WORK REQUEST
The response must consist of the lines below from the one with "Κλασέρ από χαρτόνι 8/32" through the one with "ABERFORTAS DUMBLDORAS Ožka", exactly as they appear and with both ends kept.

DATA SHOWN
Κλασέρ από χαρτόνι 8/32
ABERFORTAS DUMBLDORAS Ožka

* * *

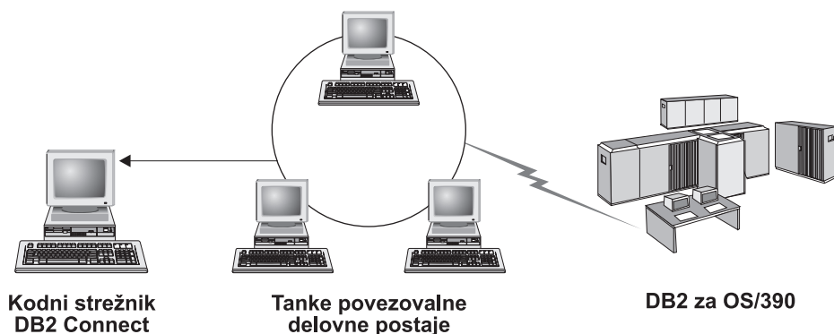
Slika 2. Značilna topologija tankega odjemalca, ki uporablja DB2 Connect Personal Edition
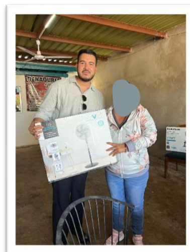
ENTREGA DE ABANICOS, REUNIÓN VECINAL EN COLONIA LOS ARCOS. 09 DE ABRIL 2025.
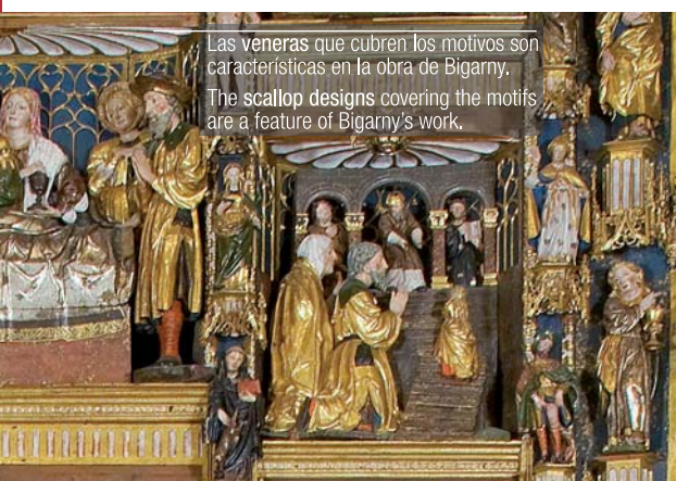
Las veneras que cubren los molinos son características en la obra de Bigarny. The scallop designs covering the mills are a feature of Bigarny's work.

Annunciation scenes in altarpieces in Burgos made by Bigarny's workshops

...

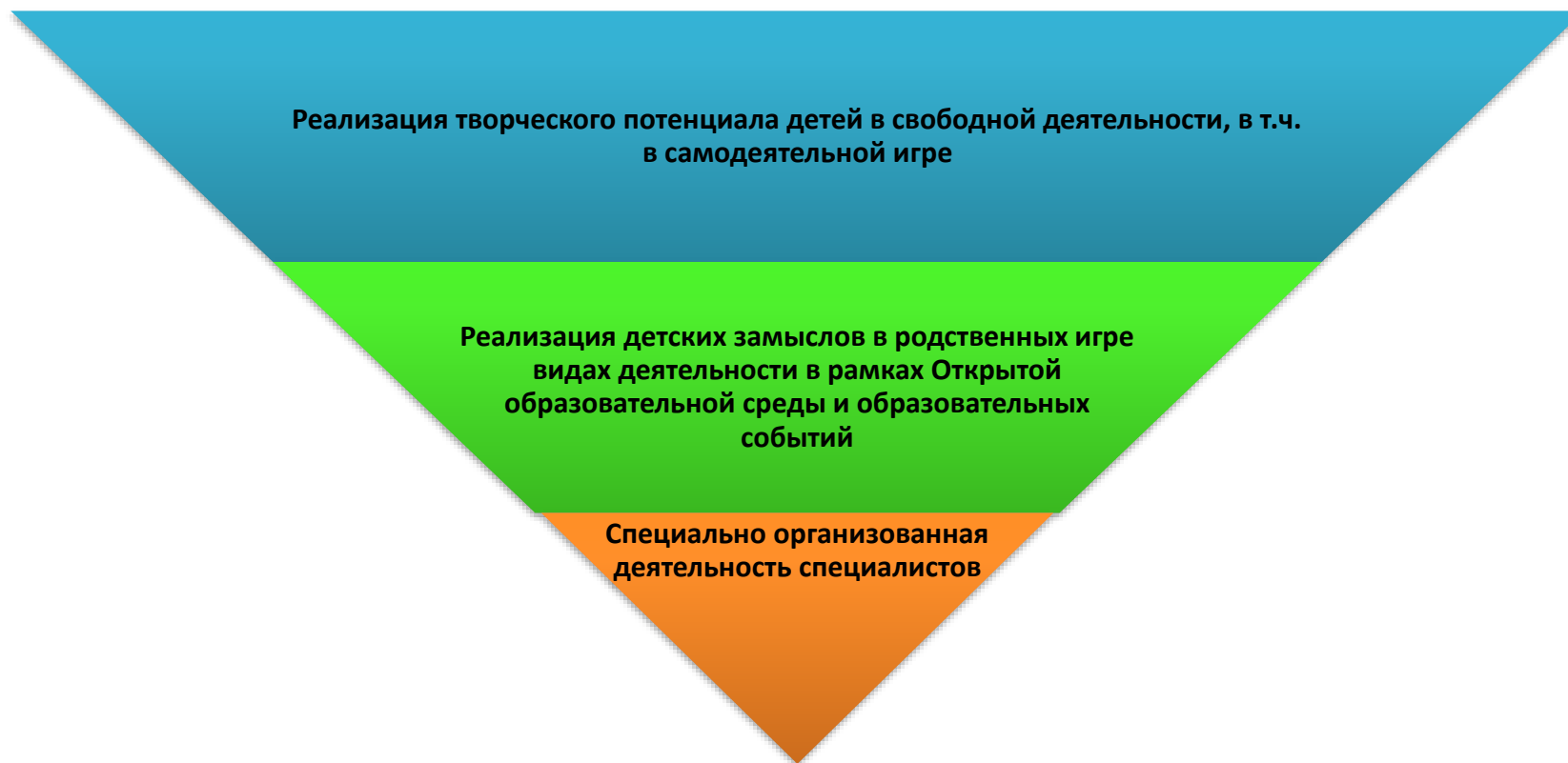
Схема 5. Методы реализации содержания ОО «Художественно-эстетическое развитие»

TASK ANSWER
Κλασέρ από χαρτόνι 8/32
ABERFORTAS DUMBLDORAS Ožka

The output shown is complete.